Return the listing that follows exactly, with no pictures included.

- Material for this exercise:
· · · ·
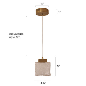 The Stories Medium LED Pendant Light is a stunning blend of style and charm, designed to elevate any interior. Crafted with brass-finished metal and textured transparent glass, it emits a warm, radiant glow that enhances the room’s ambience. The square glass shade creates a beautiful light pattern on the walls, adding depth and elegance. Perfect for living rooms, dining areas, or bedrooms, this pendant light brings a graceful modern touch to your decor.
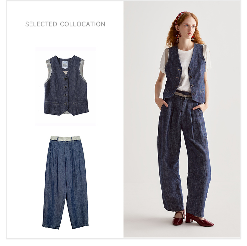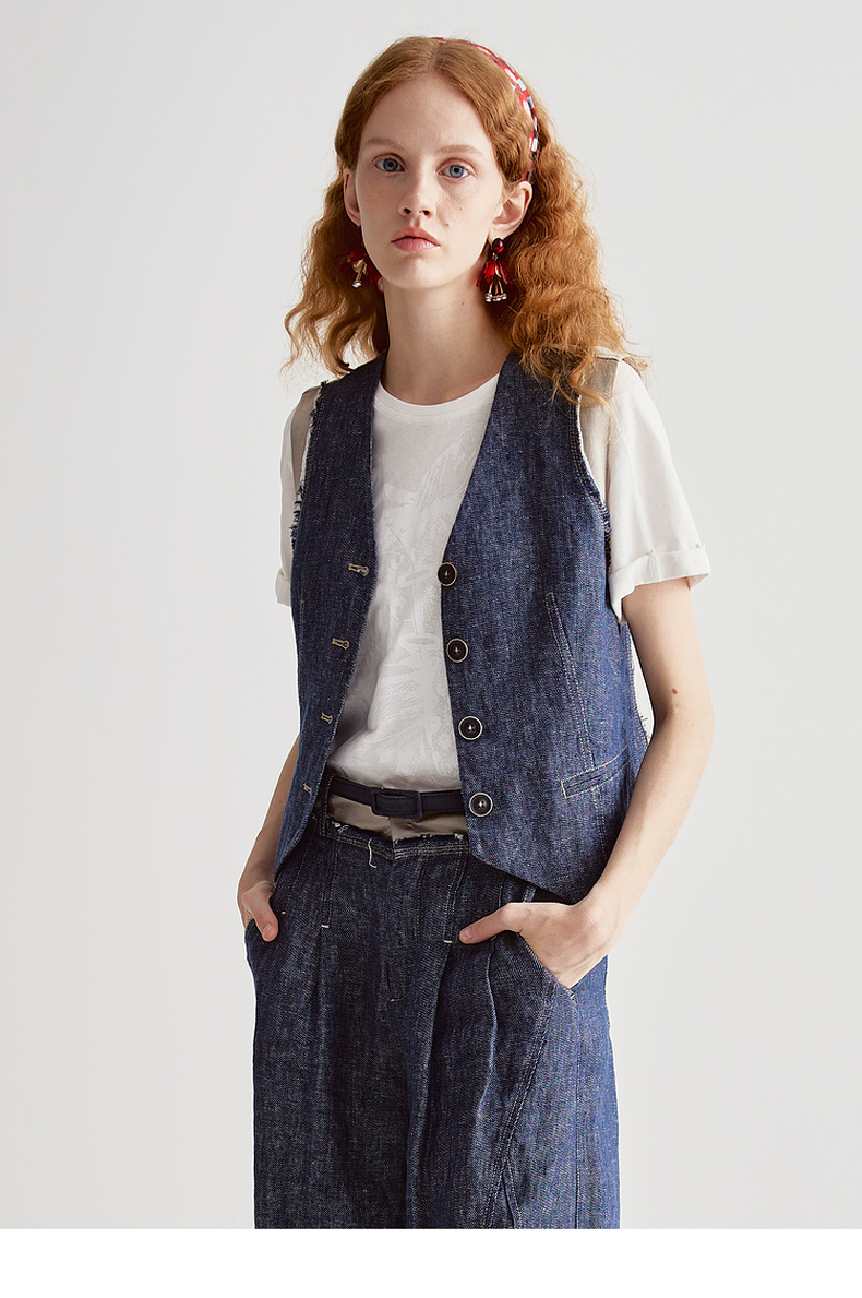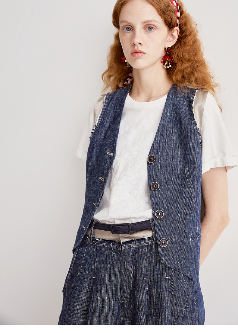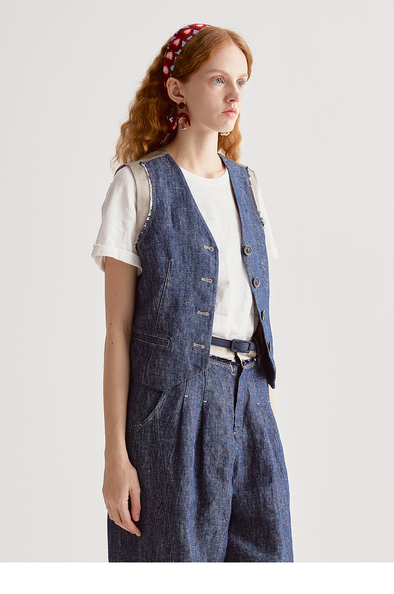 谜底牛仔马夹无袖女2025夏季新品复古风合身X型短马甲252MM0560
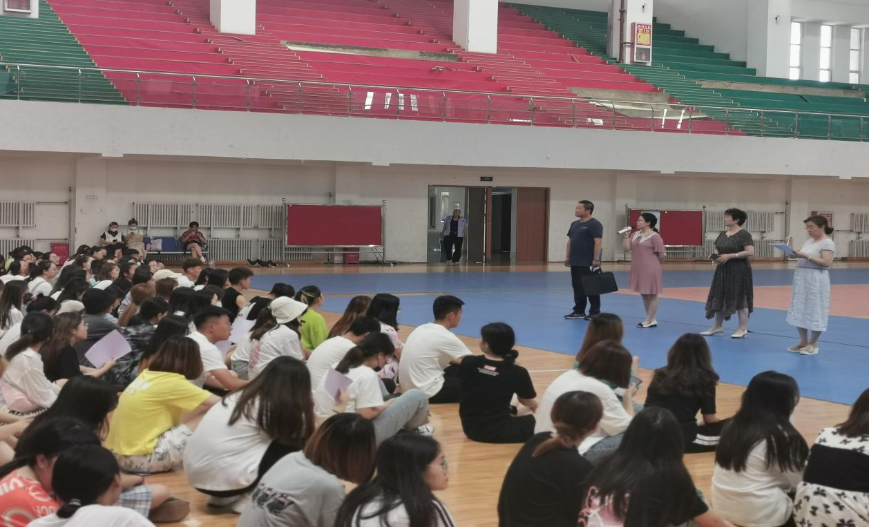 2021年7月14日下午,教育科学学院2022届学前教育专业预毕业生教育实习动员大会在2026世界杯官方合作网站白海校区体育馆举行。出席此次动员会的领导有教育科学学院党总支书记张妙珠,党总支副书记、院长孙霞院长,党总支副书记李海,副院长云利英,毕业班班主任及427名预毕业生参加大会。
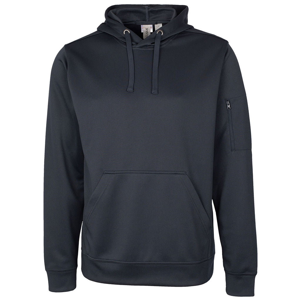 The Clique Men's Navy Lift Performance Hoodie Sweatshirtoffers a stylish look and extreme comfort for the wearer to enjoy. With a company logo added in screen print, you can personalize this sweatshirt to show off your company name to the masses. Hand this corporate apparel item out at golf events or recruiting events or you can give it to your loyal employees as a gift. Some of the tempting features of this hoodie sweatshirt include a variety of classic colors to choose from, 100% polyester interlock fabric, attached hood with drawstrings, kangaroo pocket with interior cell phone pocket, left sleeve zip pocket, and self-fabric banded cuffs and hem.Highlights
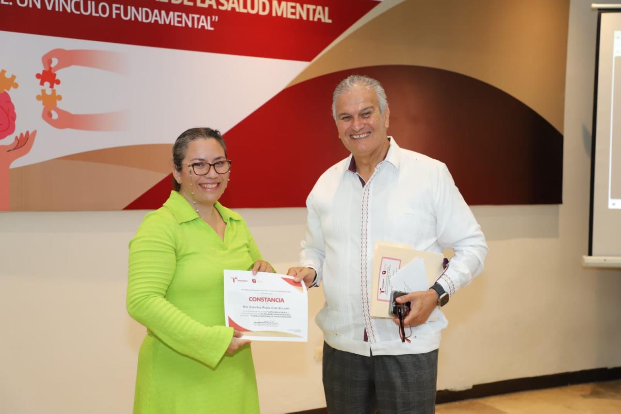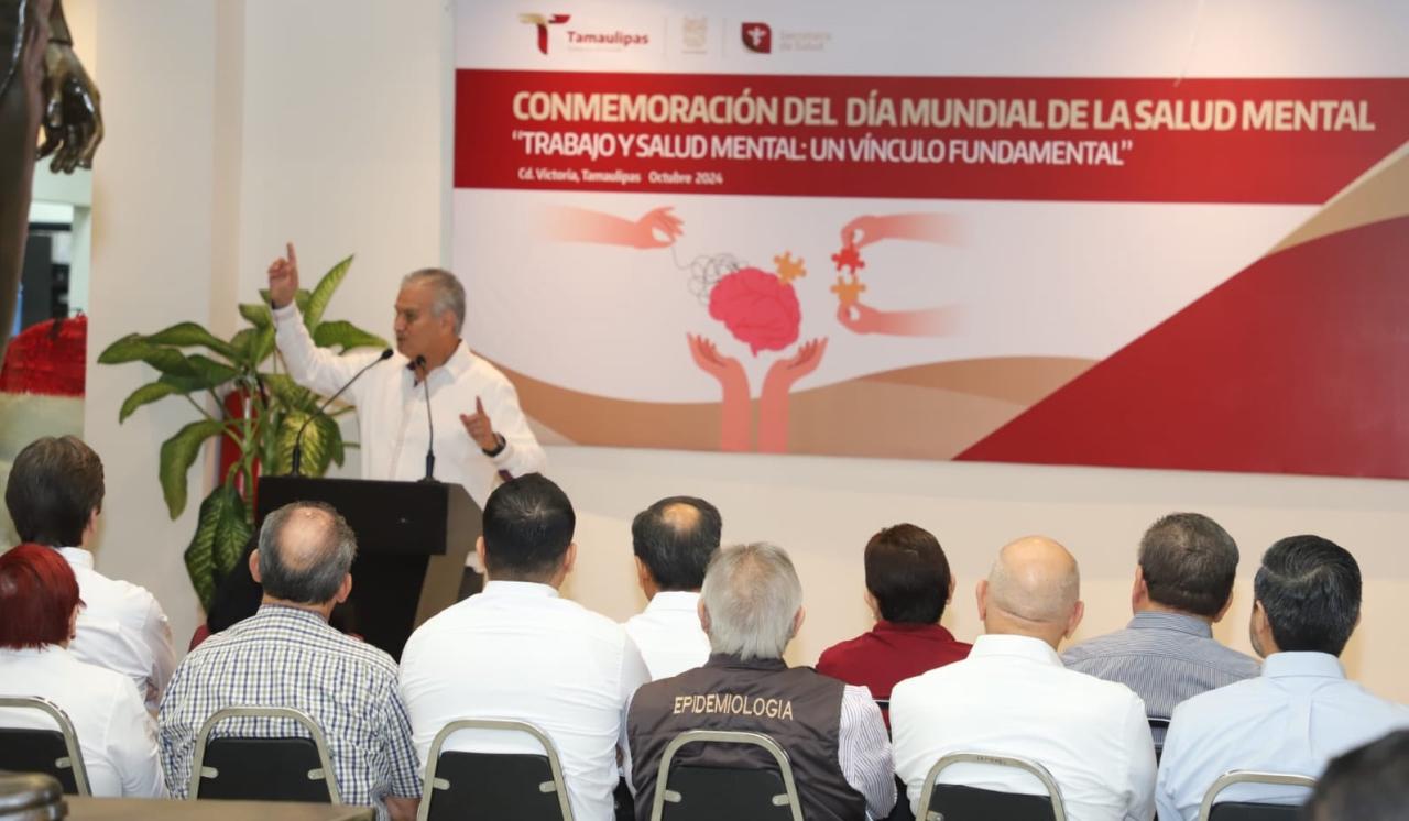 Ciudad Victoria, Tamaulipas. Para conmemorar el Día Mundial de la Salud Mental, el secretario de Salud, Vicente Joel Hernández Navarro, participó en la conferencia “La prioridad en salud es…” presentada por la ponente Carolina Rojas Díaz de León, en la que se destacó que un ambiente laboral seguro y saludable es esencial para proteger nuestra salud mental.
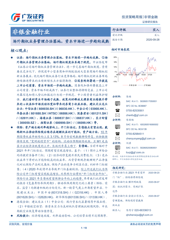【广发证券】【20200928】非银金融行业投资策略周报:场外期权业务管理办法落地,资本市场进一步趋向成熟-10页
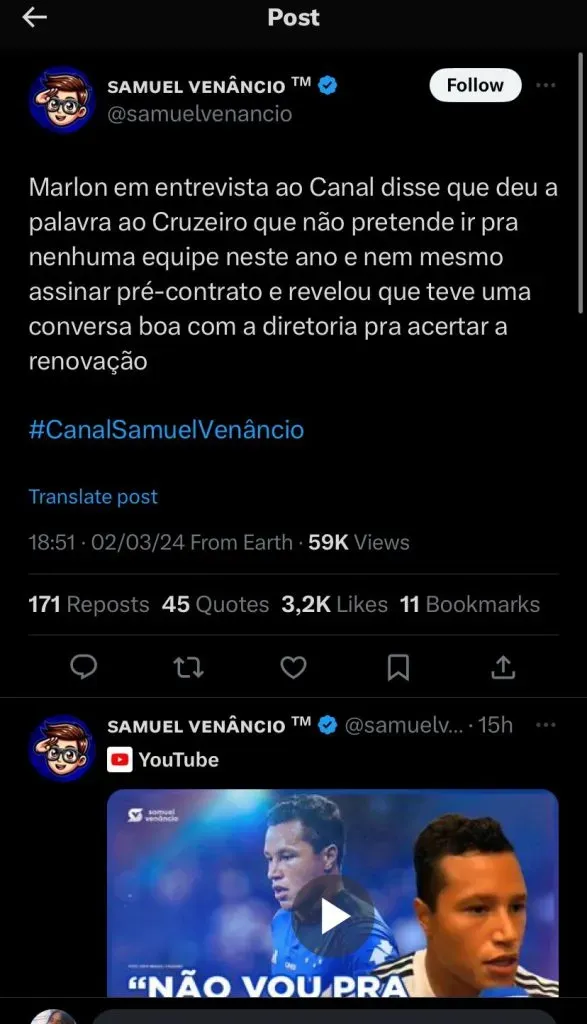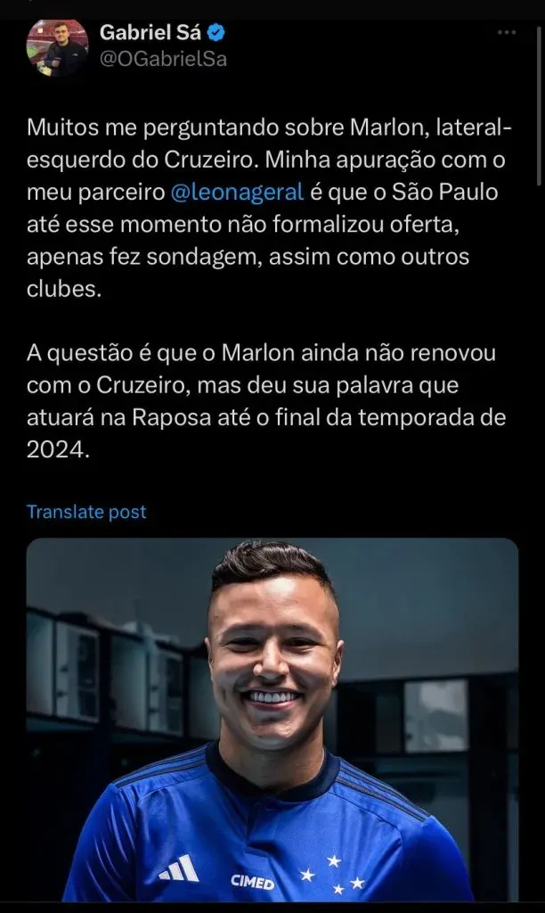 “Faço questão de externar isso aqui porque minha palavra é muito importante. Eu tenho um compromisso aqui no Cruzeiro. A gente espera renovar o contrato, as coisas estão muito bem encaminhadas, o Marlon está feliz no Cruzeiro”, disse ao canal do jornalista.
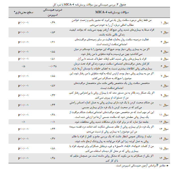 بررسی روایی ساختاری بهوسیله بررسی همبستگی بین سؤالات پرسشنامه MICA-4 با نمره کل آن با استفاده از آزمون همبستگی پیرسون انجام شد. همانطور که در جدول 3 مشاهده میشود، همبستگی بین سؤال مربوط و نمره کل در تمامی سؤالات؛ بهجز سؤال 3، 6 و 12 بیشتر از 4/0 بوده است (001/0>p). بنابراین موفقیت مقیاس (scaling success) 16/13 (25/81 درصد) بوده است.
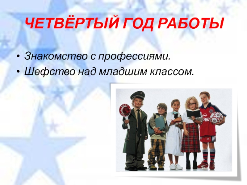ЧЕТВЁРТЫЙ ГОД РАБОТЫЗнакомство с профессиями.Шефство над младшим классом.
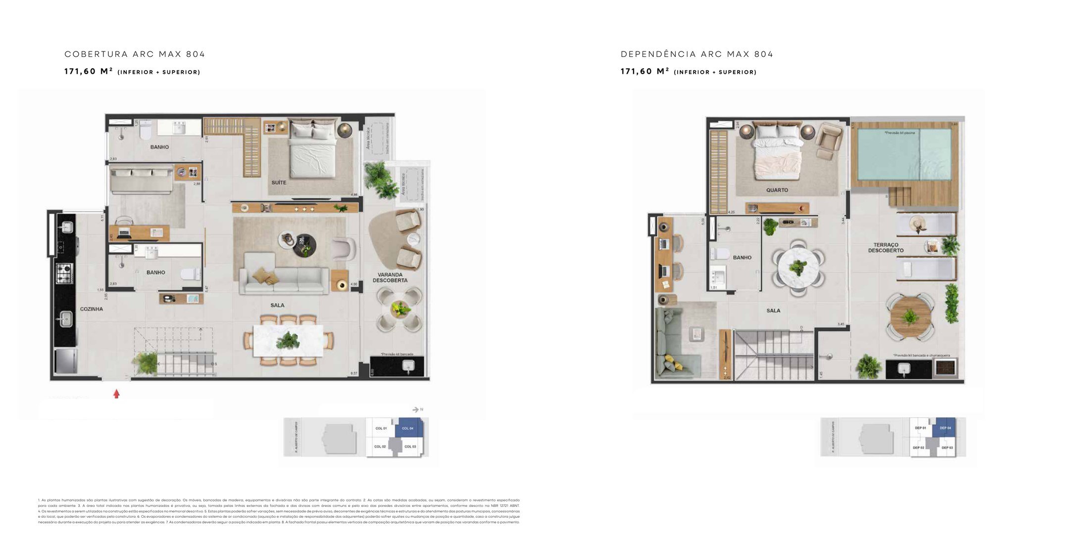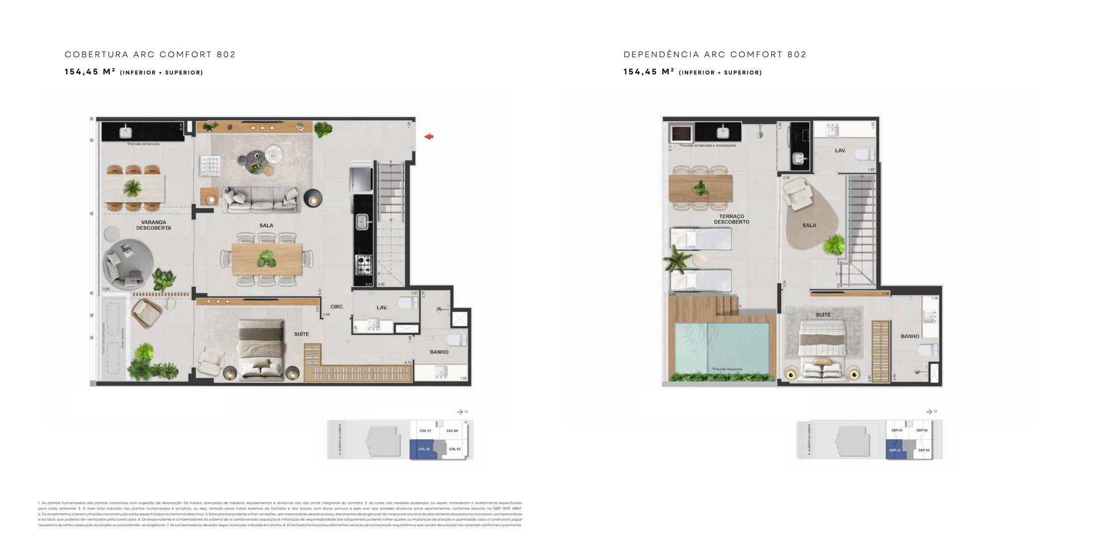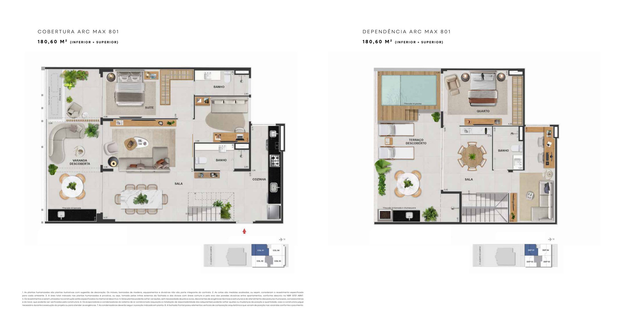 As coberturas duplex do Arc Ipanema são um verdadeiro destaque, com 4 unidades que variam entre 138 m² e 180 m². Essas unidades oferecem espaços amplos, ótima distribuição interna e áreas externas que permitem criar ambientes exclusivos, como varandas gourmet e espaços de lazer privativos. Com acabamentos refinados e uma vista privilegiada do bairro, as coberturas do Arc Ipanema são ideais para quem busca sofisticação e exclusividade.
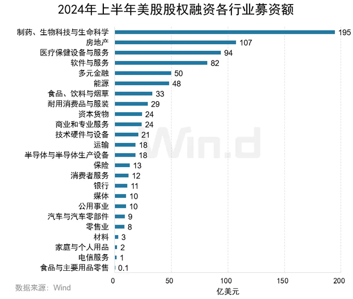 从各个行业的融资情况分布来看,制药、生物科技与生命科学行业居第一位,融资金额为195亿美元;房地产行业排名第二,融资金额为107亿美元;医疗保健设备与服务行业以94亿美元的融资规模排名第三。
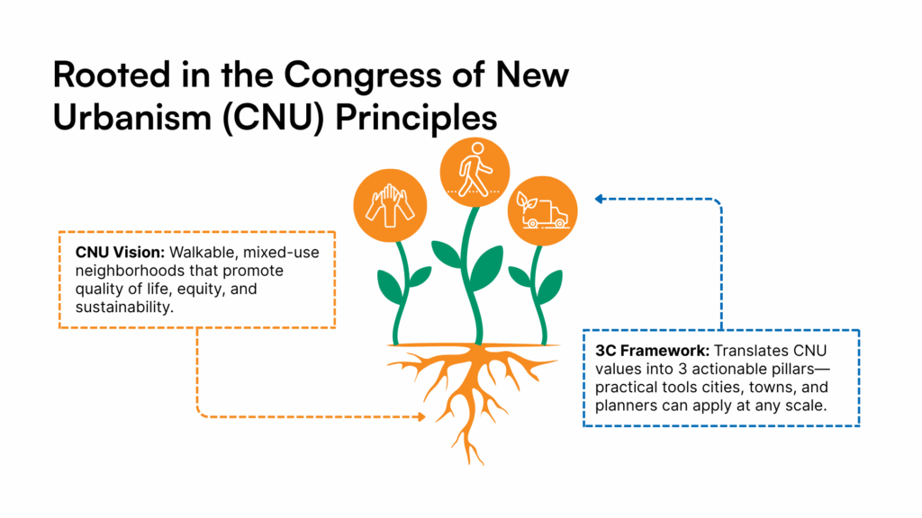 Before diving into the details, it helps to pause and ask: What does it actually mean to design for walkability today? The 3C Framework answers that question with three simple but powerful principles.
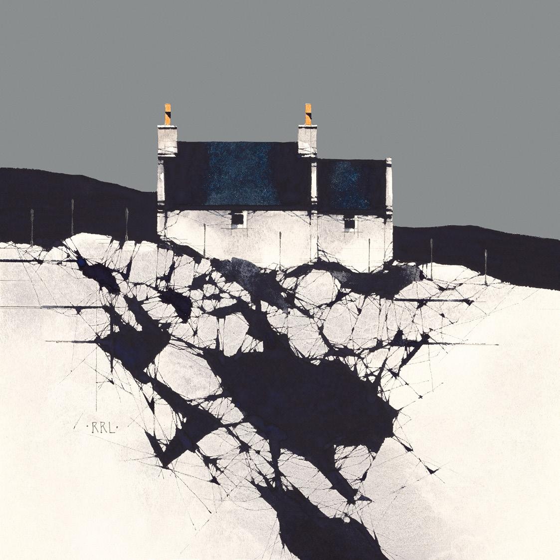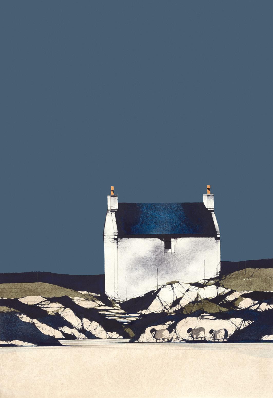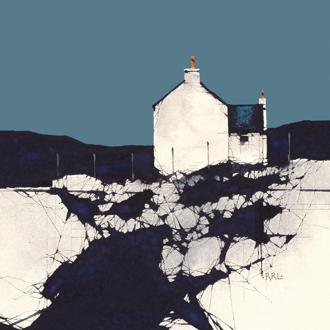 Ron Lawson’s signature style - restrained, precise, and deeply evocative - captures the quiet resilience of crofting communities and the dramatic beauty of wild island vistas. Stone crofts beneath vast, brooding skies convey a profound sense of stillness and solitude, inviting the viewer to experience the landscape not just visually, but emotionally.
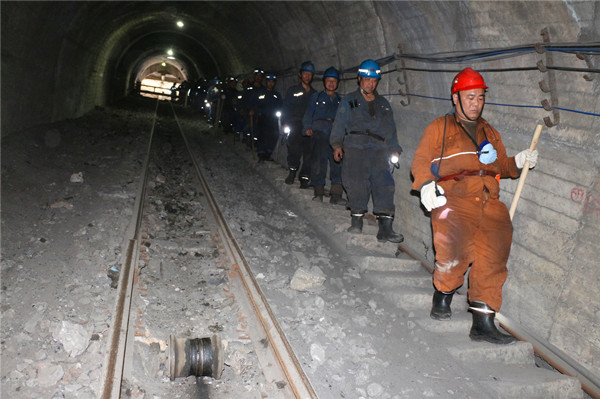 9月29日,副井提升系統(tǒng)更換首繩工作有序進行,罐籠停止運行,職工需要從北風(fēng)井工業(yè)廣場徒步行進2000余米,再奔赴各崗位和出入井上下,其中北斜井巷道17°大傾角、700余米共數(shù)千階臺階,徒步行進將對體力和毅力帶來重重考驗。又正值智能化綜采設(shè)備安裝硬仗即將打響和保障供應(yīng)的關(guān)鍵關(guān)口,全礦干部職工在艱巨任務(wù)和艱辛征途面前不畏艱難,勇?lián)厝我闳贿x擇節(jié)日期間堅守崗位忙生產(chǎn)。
· · · ·
- Output for this task:
 The Stories Medium LED Pendant Light is a stunning blend of style and charm, designed to elevate any interior. Crafted with brass-finished metal and textured transparent glass, it emits a warm, radiant glow that enhances the room’s ambience. The square glass shade creates a beautiful light pattern on the walls, adding depth and elegance. Perfect for living rooms, dining areas, or bedrooms, this pendant light brings a graceful modern touch to your decor.
 谜底牛仔马夹无袖女2025夏季新品复古风合身X型短马甲252MM0560
 2021年7月14日下午,教育科学学院2022届学前教育专业预毕业生教育实习动员大会在2026世界杯官方合作网站白海校区体育馆举行。出席此次动员会的领导有教育科学学院党总支书记张妙珠,党总支副书记、院长孙霞院长,党总支副书记李海,副院长云利英,毕业班班主任及427名预毕业生参加大会。
 The Clique Men's Navy Lift Performance Hoodie Sweatshirtoffers a stylish look and extreme comfort for the wearer to enjoy. With a company logo added in screen print, you can personalize this sweatshirt to show off your company name to the masses. Hand this corporate apparel item out at golf events or recruiting events or you can give it to your loyal employees as a gift. Some of the tempting features of this hoodie sweatshirt include a variety of classic colors to choose from, 100% polyester interlock fabric, attached hood with drawstrings, kangaroo pocket with interior cell phone pocket, left sleeve zip pocket, and self-fabric banded cuffs and hem.Highlights
 Ciudad Victoria, Tamaulipas. Para conmemorar el Día Mundial de la Salud Mental, el secretario de Salud, Vicente Joel Hernández Navarro, participó en la conferencia “La prioridad en salud es…” presentada por la ponente Carolina Rojas Díaz de León, en la que se destacó que un ambiente laboral seguro y saludable es esencial para proteger nuestra salud mental.
【广发证券】【20200928】非银金融行业投资策略周报:场外期权业务管理办法落地,资本市场进一步趋向成熟-10页
 “Faço questão de externar isso aqui porque minha palavra é muito importante. Eu tenho um compromisso aqui no Cruzeiro. A gente espera renovar o contrato, as coisas estão muito bem encaminhadas, o Marlon está feliz no Cruzeiro”, disse ao canal do jornalista.
 بررسی روایی ساختاری بهوسیله بررسی همبستگی بین سؤالات پرسشنامه MICA-4 با نمره کل آن با استفاده از آزمون همبستگی پیرسون انجام شد. همانطور که در جدول 3 مشاهده میشود، همبستگی بین سؤال مربوط و نمره کل در تمامی سؤالات؛ بهجز سؤال 3، 6 و 12 بیشتر از 4/0 بوده است (001/0>p). بنابراین موفقیت مقیاس (scaling success) 16/13 (25/81 درصد) بوده است.
ЧЕТВЁРТЫЙ ГОД РАБОТЫЗнакомство с профессиями.Шефство над младшим классом.
 As coberturas duplex do Arc Ipanema são um verdadeiro destaque, com 4 unidades que variam entre 138 m² e 180 m². Essas unidades oferecem espaços amplos, ótima distribuição interna e áreas externas que permitem criar ambientes exclusivos, como varandas gourmet e espaços de lazer privativos. Com acabamentos refinados e uma vista privilegiada do bairro, as coberturas do Arc Ipanema são ideais para quem busca sofisticação e exclusividade.
 从各个行业的融资情况分布来看,制药、生物科技与生命科学行业居第一位,融资金额为195亿美元;房地产行业排名第二,融资金额为107亿美元;医疗保健设备与服务行业以94亿美元的融资规模排名第三。
 Before diving into the details, it helps to pause and ask: What does it actually mean to design for walkability today? The 3C Framework answers that question with three simple but powerful principles.
 Ron Lawson’s signature style - restrained, precise, and deeply evocative - captures the quiet resilience of crofting communities and the dramatic beauty of wild island vistas. Stone crofts beneath vast, brooding skies convey a profound sense of stillness and solitude, inviting the viewer to experience the landscape not just visually, but emotionally.
 9月29日,副井提升系統(tǒng)更換首繩工作有序進行,罐籠停止運行,職工需要從北風(fēng)井工業(yè)廣場徒步行進2000余米,再奔赴各崗位和出入井上下,其中北斜井巷道17°大傾角、700余米共數(shù)千階臺階,徒步行進將對體力和毅力帶來重重考驗。又正值智能化綜采設(shè)備安裝硬仗即將打響和保障供應(yīng)的關(guān)鍵關(guān)口,全礦干部職工在艱巨任務(wù)和艱辛征途面前不畏艱難,勇?lián)厝我闳贿x擇節(jié)日期間堅守崗位忙生產(chǎn)。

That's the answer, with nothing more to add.